• **Your task**
Restate the last part of the records below word for word, beginning at the line with "Handyhülle mit Metallkette" and ending at the final line.

[Items from a data source]
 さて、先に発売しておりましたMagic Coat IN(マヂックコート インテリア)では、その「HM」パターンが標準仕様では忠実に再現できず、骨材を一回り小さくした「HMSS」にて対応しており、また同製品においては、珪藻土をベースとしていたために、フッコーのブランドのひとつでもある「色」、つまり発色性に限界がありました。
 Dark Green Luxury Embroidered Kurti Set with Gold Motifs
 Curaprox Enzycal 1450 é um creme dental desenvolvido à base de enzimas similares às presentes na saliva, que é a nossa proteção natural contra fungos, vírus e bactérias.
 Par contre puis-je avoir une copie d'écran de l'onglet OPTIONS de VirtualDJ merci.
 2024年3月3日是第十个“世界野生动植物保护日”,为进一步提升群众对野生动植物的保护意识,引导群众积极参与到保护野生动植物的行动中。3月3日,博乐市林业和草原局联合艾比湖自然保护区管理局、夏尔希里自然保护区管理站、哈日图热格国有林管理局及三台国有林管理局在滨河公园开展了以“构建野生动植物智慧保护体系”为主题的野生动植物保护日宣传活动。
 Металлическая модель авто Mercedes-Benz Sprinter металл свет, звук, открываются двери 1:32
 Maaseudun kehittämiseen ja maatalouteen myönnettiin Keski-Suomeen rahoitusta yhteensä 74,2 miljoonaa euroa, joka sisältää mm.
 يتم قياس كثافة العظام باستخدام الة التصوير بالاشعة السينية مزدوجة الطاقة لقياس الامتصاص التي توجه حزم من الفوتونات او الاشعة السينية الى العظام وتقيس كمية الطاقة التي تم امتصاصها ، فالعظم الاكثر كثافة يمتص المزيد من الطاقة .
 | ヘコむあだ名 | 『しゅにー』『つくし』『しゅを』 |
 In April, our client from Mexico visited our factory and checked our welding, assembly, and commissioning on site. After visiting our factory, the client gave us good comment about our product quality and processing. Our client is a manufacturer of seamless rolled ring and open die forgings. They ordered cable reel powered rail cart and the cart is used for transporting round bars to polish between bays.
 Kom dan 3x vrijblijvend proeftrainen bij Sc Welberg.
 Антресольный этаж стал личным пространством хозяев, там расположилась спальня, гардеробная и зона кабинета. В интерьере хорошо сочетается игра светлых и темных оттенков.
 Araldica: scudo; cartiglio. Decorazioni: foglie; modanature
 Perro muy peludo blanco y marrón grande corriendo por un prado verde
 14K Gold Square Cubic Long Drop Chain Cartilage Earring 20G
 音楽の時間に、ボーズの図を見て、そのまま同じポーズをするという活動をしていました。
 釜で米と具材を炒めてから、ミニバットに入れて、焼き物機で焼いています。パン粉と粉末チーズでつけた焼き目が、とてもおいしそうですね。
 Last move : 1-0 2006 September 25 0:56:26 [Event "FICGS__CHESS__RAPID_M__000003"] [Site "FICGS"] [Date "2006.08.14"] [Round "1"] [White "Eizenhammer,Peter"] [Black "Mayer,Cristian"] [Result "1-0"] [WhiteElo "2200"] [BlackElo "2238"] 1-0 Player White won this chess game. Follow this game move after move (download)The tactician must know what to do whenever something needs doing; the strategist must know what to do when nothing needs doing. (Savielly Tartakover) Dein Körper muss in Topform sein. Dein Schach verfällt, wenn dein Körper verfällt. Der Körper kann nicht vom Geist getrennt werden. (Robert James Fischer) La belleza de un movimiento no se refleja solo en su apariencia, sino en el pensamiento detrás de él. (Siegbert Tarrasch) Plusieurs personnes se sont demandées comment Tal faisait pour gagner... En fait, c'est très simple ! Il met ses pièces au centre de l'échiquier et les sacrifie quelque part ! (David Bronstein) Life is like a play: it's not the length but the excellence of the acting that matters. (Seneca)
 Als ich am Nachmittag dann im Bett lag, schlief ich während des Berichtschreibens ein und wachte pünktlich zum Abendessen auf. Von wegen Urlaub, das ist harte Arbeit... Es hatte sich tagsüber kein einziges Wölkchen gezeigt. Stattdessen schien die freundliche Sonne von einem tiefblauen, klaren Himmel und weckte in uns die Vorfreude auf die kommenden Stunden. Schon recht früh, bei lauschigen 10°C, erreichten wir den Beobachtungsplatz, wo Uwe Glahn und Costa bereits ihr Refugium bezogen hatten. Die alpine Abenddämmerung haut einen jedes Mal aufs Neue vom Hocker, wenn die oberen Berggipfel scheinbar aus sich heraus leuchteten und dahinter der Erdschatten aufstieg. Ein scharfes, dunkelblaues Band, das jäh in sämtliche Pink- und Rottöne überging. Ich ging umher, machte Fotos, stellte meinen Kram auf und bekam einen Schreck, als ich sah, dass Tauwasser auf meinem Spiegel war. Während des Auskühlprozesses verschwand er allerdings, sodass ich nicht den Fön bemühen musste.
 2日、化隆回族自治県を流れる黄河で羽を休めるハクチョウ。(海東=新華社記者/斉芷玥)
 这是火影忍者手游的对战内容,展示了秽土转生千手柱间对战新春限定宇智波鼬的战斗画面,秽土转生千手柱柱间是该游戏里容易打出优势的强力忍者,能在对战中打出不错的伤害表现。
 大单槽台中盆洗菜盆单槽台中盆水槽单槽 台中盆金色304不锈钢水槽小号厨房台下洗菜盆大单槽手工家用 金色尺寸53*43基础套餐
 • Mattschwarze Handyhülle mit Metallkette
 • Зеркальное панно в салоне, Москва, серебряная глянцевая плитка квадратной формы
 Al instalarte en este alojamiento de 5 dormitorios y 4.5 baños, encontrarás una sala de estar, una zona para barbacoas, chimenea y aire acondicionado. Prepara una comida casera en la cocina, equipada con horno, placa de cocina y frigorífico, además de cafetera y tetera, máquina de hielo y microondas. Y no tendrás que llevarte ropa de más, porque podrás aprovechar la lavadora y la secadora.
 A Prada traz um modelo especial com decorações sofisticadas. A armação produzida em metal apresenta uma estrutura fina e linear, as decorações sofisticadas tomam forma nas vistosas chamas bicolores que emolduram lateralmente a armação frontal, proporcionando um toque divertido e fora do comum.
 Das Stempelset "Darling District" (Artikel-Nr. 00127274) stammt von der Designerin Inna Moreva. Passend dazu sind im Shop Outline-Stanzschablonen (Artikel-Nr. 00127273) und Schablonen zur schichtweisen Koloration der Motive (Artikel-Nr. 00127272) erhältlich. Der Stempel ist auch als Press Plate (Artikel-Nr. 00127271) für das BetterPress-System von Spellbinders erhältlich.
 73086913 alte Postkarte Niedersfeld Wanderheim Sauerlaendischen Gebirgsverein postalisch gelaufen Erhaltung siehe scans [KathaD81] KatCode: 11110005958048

• **Solved exercise**
 • Mattschwarze Handyhülle mit Metallkette
 • Зеркальное панно в салоне, Москва, серебряная глянцевая плитка квадратной формы
 Al instalarte en este alojamiento de 5 dormitorios y 4.5 baños, encontrarás una sala de estar, una zona para barbacoas, chimenea y aire acondicionado. Prepara una comida casera en la cocina, equipada con horno, placa de cocina y frigorífico, además de cafetera y tetera, máquina de hielo y microondas. Y no tendrás que llevarte ropa de más, porque podrás aprovechar la lavadora y la secadora.
 A Prada traz um modelo especial com decorações sofisticadas. A armação produzida em metal apresenta uma estrutura fina e linear, as decorações sofisticadas tomam forma nas vistosas chamas bicolores que emolduram lateralmente a armação frontal, proporcionando um toque divertido e fora do comum.
 Das Stempelset "Darling District" (Artikel-Nr. 00127274) stammt von der Designerin Inna Moreva. Passend dazu sind im Shop Outline-Stanzschablonen (Artikel-Nr. 00127273) und Schablonen zur schichtweisen Koloration der Motive (Artikel-Nr. 00127272) erhältlich. Der Stempel ist auch als Press Plate (Artikel-Nr. 00127271) für das BetterPress-System von Spellbinders erhältlich.
 73086913 alte Postkarte Niedersfeld Wanderheim Sauerlaendischen Gebirgsverein postalisch gelaufen Erhaltung siehe scans [KathaD81] KatCode: 11110005958048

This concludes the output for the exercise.